(Available data Opens)
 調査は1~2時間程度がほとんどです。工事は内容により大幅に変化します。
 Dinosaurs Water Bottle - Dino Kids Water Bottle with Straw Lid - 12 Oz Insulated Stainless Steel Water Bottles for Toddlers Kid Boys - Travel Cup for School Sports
(Available data Closes)
(Available data Opens)
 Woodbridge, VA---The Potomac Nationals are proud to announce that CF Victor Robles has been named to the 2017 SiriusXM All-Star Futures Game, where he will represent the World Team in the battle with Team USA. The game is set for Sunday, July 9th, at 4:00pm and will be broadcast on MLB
(Available data Closes)
* [Exercise requirements]: Scan the listing above for the word "with" and show each line where it is found.

* [Your solution]:
 Dinosaurs Water Bottle - Dino Kids Water Bottle with Straw Lid - 12 Oz Insulated Stainless Steel Water Bottles for Toddlers Kid Boys - Travel Cup for School Sports
 Woodbridge, VA---The Potomac Nationals are proud to announce that CF Victor Robles has been named to the 2017 SiriusXM All-Star Futures Game, where he will represent the World Team in the battle with Team USA. The game is set for Sunday, July 9th, at 4:00pm and will be broadcast on MLB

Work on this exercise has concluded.